- TASK DIRECTIONS -
Having found the line containing "Results from samples" in the records below, copy that line and each later one exactly, dropping pictures.

|---|

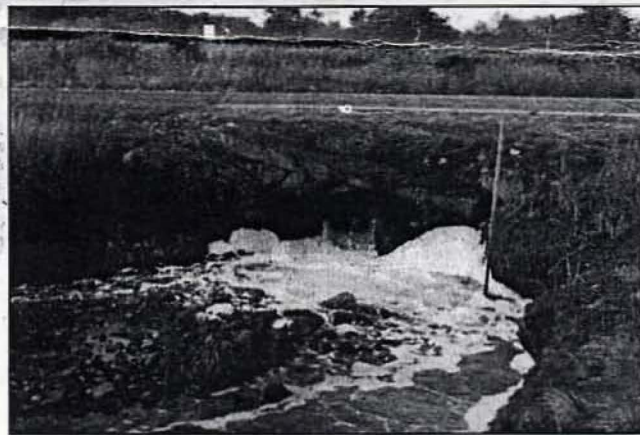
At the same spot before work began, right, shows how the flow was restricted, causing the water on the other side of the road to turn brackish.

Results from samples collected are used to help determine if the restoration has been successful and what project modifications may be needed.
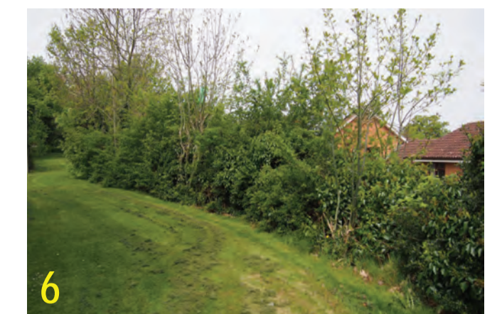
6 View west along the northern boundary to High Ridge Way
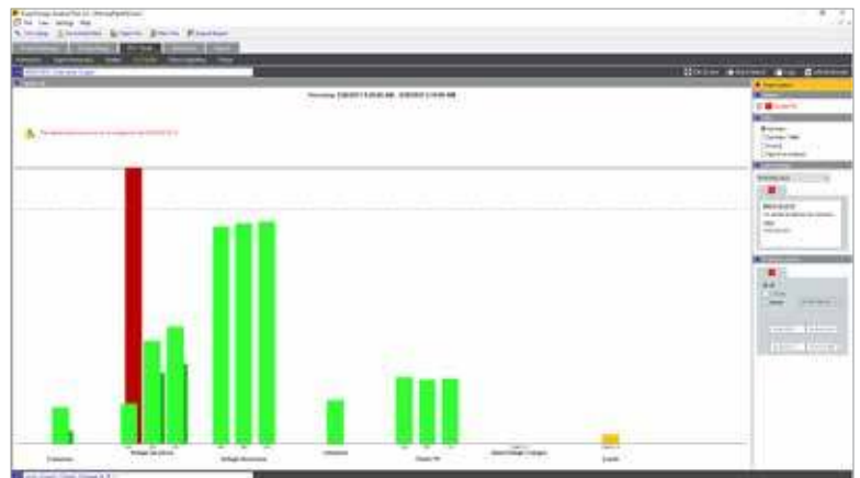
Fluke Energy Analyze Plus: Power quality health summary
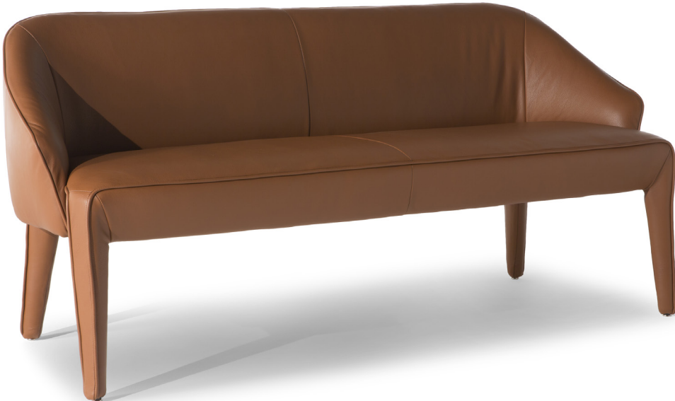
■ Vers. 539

|---|

- OUTPUT FOR THIS TASK -
Results from samples collected are used to help determine if the restoration has been successful and what project modifications may be needed.
6 View west along the northern boundary to High Ridge Way
Fluke Energy Analyze Plus: Power quality health summary
■ Vers. 539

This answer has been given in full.